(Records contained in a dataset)
%%

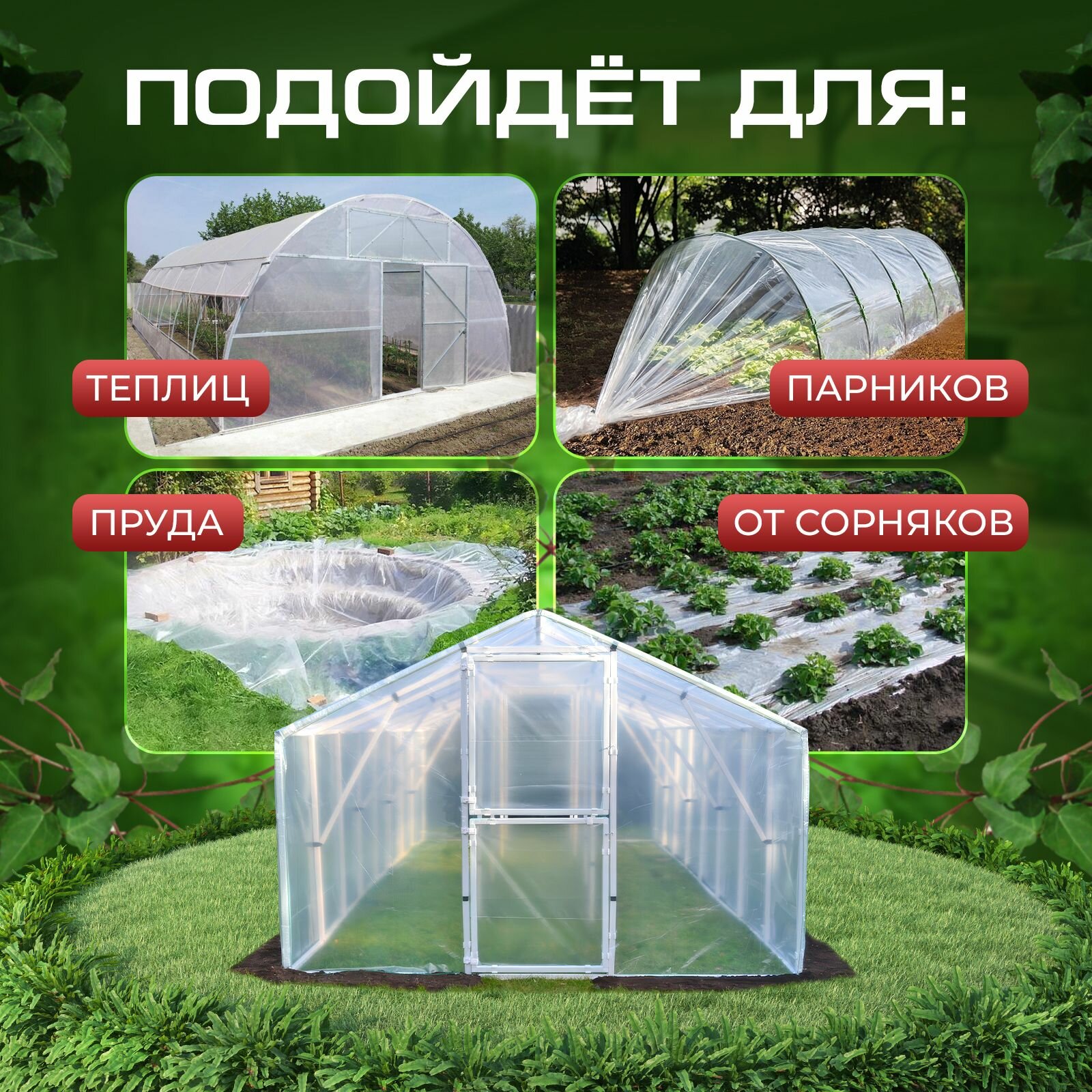 Пленка укрывная для ремонта, теплиц, парников, мебели, строительная, полиэтиленовая прозрачная Высший сорт 60 мкм, 3м х 10м Парников интересное:
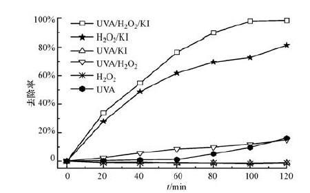 實驗考察了初始濃度為0.04 mmol·L-1的磺胺嘧啶溶液,分別在單獨紫外輻射(UVA)、H2O2氧化、UVA/H2O2、UVA/KI、H2O2/KI和UVA/H2O2/KI 6種反應條件下的降解情況(圖 2).其中,溶液初始pH值為3.2,KI、H2O2添加濃度分別為2.4和120.0 mmol·L-1,除光降解實驗外,其余均在避光條件下進行.
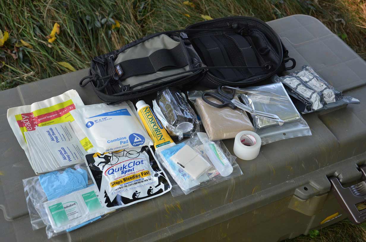 You can build your own first aid kit piece by piece or buy one fully stocked. Whichever route you go, you’ll want to have the right supplies to deal with bleeding wounds in the field. Here’s a quick rundown of your most vital supplies:
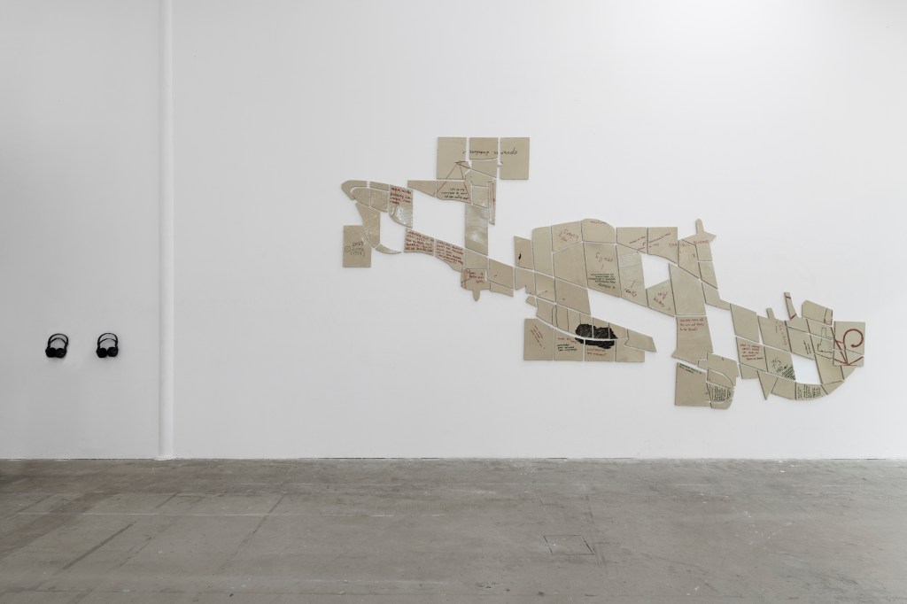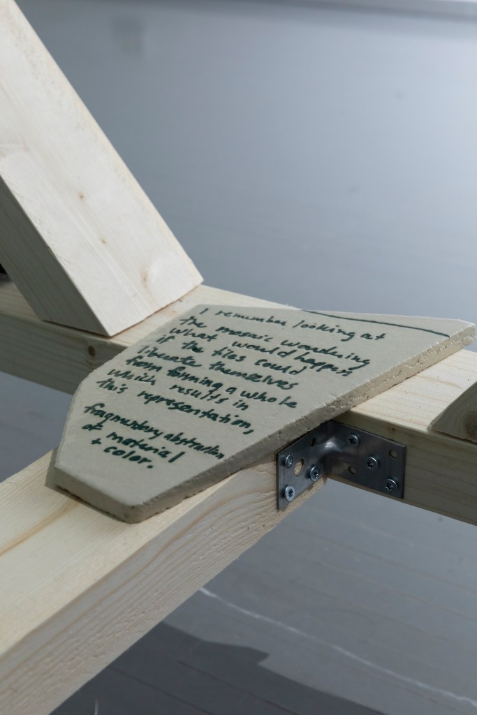 The Shadow of the image of the ship drawn from the mosaic mural in the central station Bremen is casted upon the the replica of the ship stand as if the structure is holding it. The installation is inspired by the practice of scrapping deployed in the dry dock to take the ships apart in order to repurpose the used material, yet the fragmentation in this work happens through the counter-archival method that Farajnezhad deploys through meeting, carrying the mosaics and recording conversations with local artists and researchers engaging with questions that mosaic poses. The over-writing of the image of the ship happened collectively as part of the workshop in May 2023 on paper and later transferred to mosaics together with Eghbal Joudi.
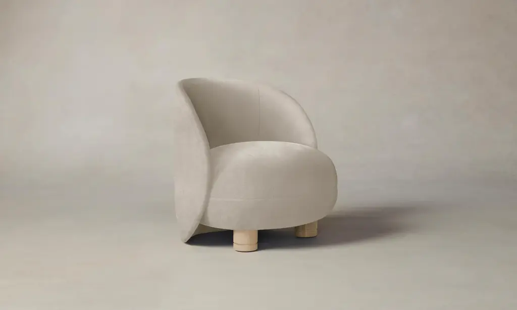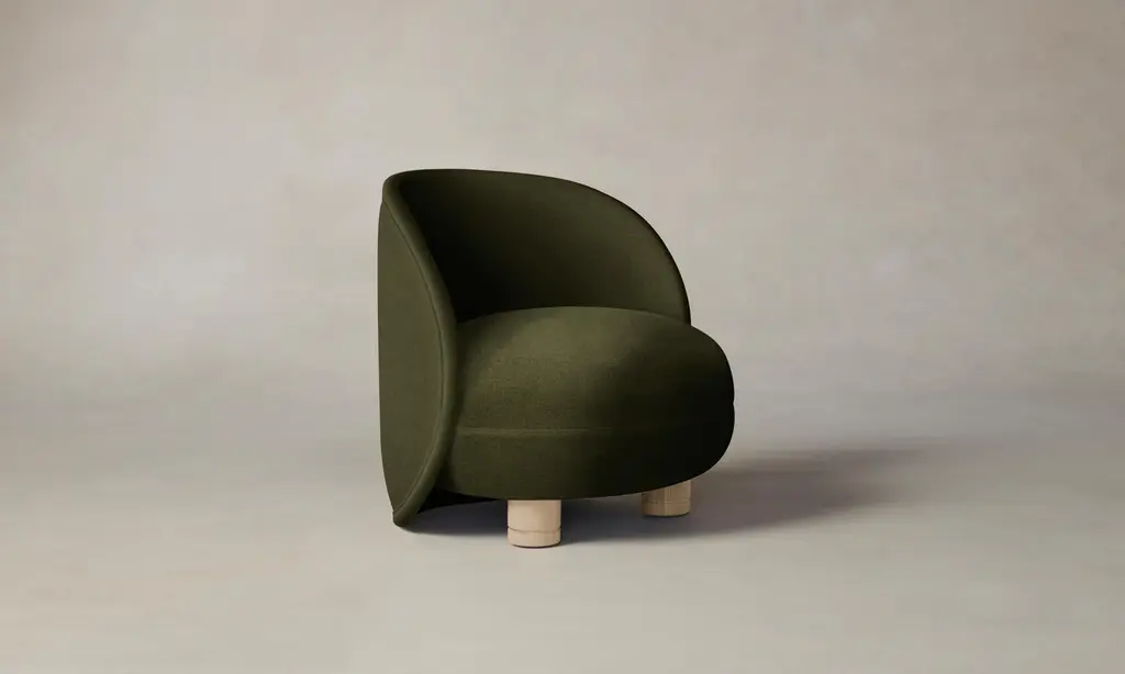 The Laight reimagines the classic slipper chair with a new sense of softness and whimsy. It has a curved, wraparound back and voluminous seat that sits atop lathe-turned legs. Handcrafted in North Carolina.
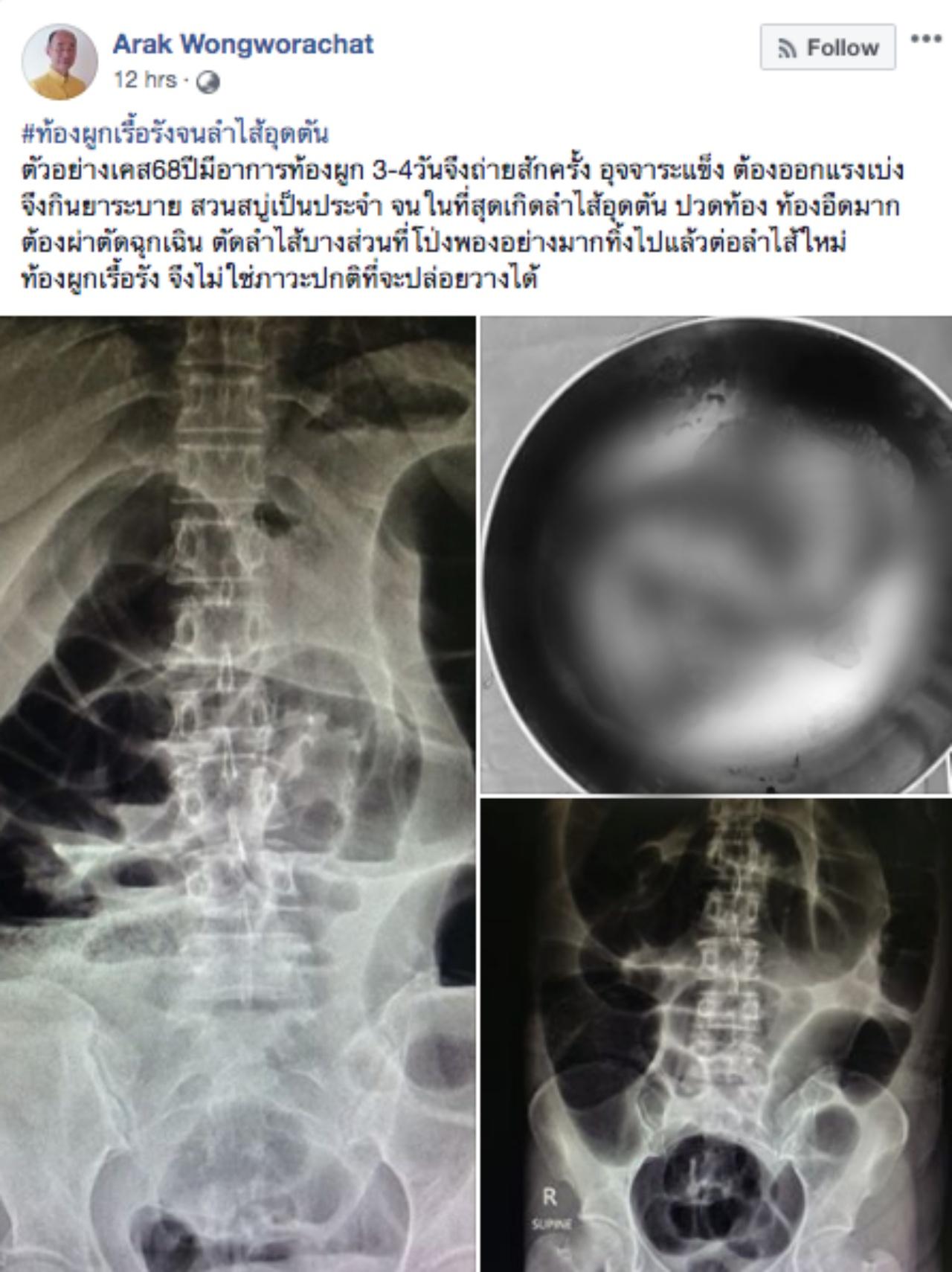 วันที่ 18 ส.ค.62 นพ.อารักษ์ วงศ์วรชาติ ผู้อำนวยการโรงพยาบาลสิชล จ.นครศรีธรรมราช โพสต์ภาพและข้อความเตือนภัยกรณีท้องผูกเรื้อรังจนลำไส้อุดตัน โดยยกตัวอย่าง คนไข้อายุ 68 ปี มีอาการท้องผูก 3-4 วันจึงจะขับถ่าย อุจจาระแข็ง กินยาระบาย มีการสวนสบู่เป็นประจำ
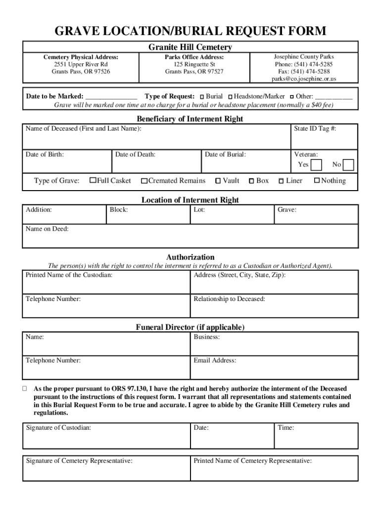 GRAVE LOCATION/BURIAL REQUEST FORM Granite Hill Cemetery Physical Address: 2551 Upper River Rd Grants Pass, OR 97526Parks Office Address: 125 Ringette St Grants Pass, OR 97527Josephine County Parks
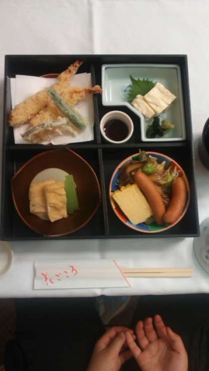 生湯葉のおさしみ。京都の味です。京野菜の炊き合わせ。てんぷら。そして、焼魚とウインナーです。
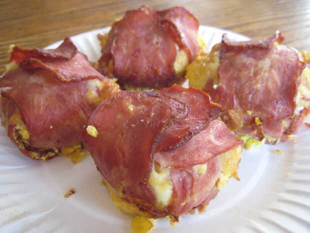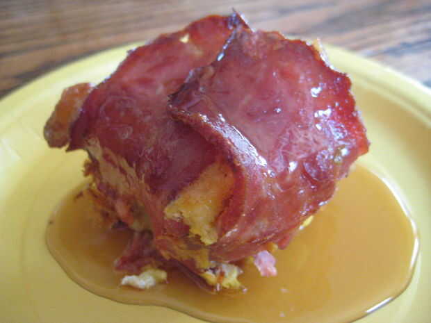 Esta especie de redefine el término "tocino y huevos para el desayuno". Cada muffin huevo es envuelta con un trozo de tocino y cocido al horno en latas del mollete. Esto hace un desayuno perfecto para cualquier día.Ver variaciones sobre esta rec
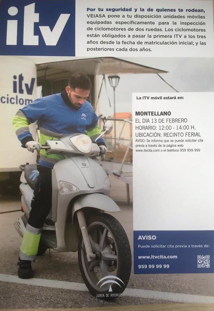 Informamos que mañana miércoles 13 de febrero estará disponible para los vecinos y vecinas de Montellano el servicio de ITV móvil para Ciclomotores.
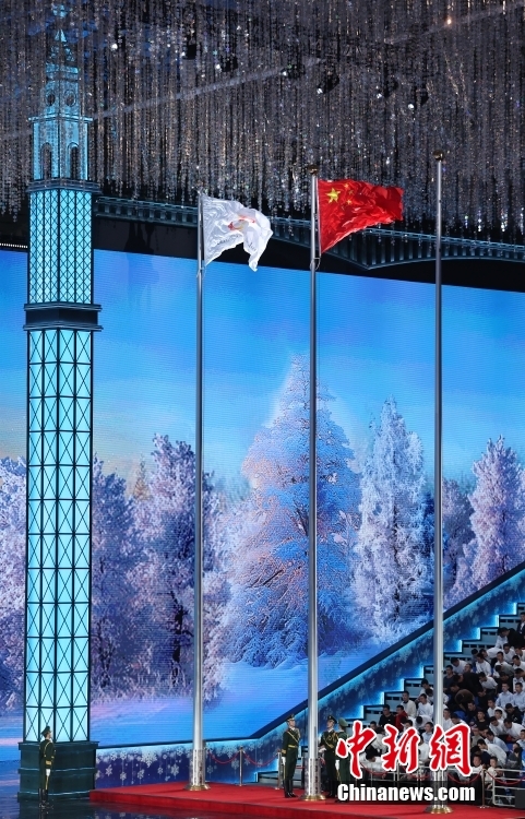 2月14日,第九届亚洲冬季运动会闭幕式在黑龙江哈尔滨举行。图为闭幕式上的升旗仪式。
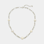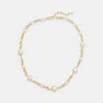 Textured alternating chain necklace with genuine freshwater pearls. The perfect amount of chain and pearl for a fashionable and refined look.14k gold / rhodium plated, triple plated
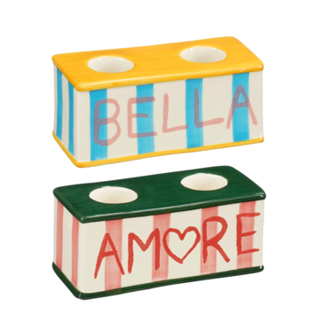 Breng een vleugje Italiaanse charme in je interieur met de Bliss kandelaar. Deze vrolijke kandelaar, verkrijgbaar in groen of geel, is geschikt voor twee kaarsen en past perfect bij het Bliss-servies. Met speelse strepen en de teksten 'Bella' of 'Amore' voegt hij direct een leuke sfeer toe aan je eetkamer of woonkamer. Gemaakt van stevig steengoed en met compacte afmetingen van L11 x B5 x H5 cm. Ideaal als gezellige en stijlvolle tafeldecoratie!
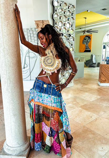 Get ready to turn heads with the TM Silk Patch Colorful Skirt! Made of sustainable silk and a unique patch design with assorted colors - never two exactly alike. This skirt will make you stand out from the crowd. Complete with a stylish TM denim band at the waist, this skirt is the perfect blend of comfort and style. Step out in confidence and show off your personality with this one-of-a-kind skirt!
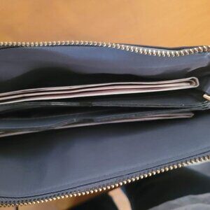 -Design: Compact rectangular shape with gold-tone zipper hardware
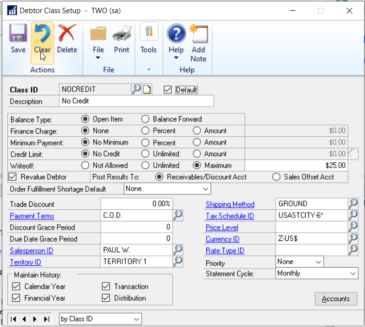The difference with Dynamics GP is the Class ID stays with the customer enabling you to group certain debtors and run reports based on certain Classes whereas the template is just used to copy information to the customer.
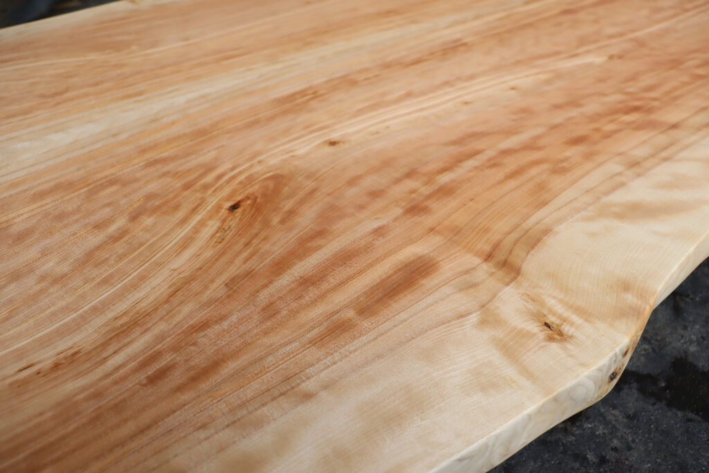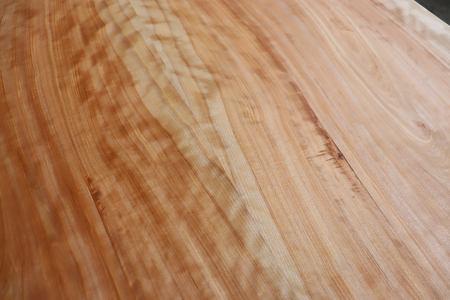 日の光で焼けた荒板の時点でもハッキリと確認できた縮杢は、表面をプレーナーで削り、丁寧に仕上げる事でその輝きはさらに輝きを増し、何年経ってもその輝きが失われることのない極上杢。
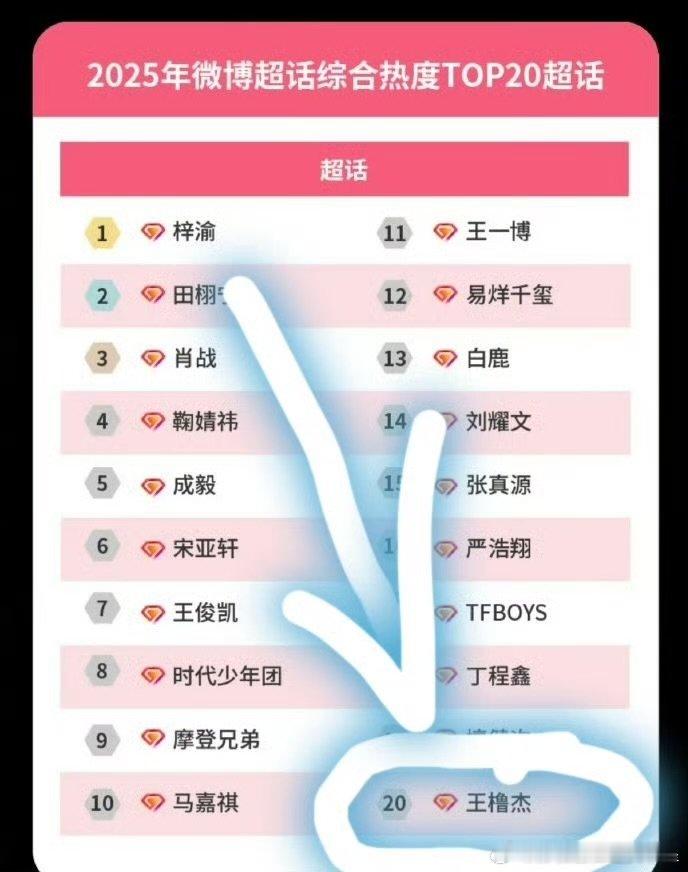 王橹杰2025超话综合热度top20王橹杰2025超话综合热度四代第一王橹杰20

%%

| How to complete this task |
Copy the records above from the first line through the line containing "The Laight reimagines", both included, and leave out any pictures.

| Finished task |
 Пленка укрывная для ремонта, теплиц, парников, мебели, строительная, полиэтиленовая прозрачная Высший сорт 60 мкм, 3м х 10м Парников интересное:
 實驗考察了初始濃度為0.04 mmol·L-1的磺胺嘧啶溶液,分別在單獨紫外輻射(UVA)、H2O2氧化、UVA/H2O2、UVA/KI、H2O2/KI和UVA/H2O2/KI 6種反應條件下的降解情況(圖 2).其中,溶液初始pH值為3.2,KI、H2O2添加濃度分別為2.4和120.0 mmol·L-1,除光降解實驗外,其余均在避光條件下進行.
 You can build your own first aid kit piece by piece or buy one fully stocked. Whichever route you go, you’ll want to have the right supplies to deal with bleeding wounds in the field. Here’s a quick rundown of your most vital supplies:
 The Shadow of the image of the ship drawn from the mosaic mural in the central station Bremen is casted upon the the replica of the ship stand as if the structure is holding it. The installation is inspired by the practice of scrapping deployed in the dry dock to take the ships apart in order to repurpose the used material, yet the fragmentation in this work happens through the counter-archival method that Farajnezhad deploys through meeting, carrying the mosaics and recording conversations with local artists and researchers engaging with questions that mosaic poses. The over-writing of the image of the ship happened collectively as part of the workshop in May 2023 on paper and later transferred to mosaics together with Eghbal Joudi.
 The Laight reimagines the classic slipper chair with a new sense of softness and whimsy. It has a curved, wraparound back and voluminous seat that sits atop lathe-turned legs. Handcrafted in North Carolina.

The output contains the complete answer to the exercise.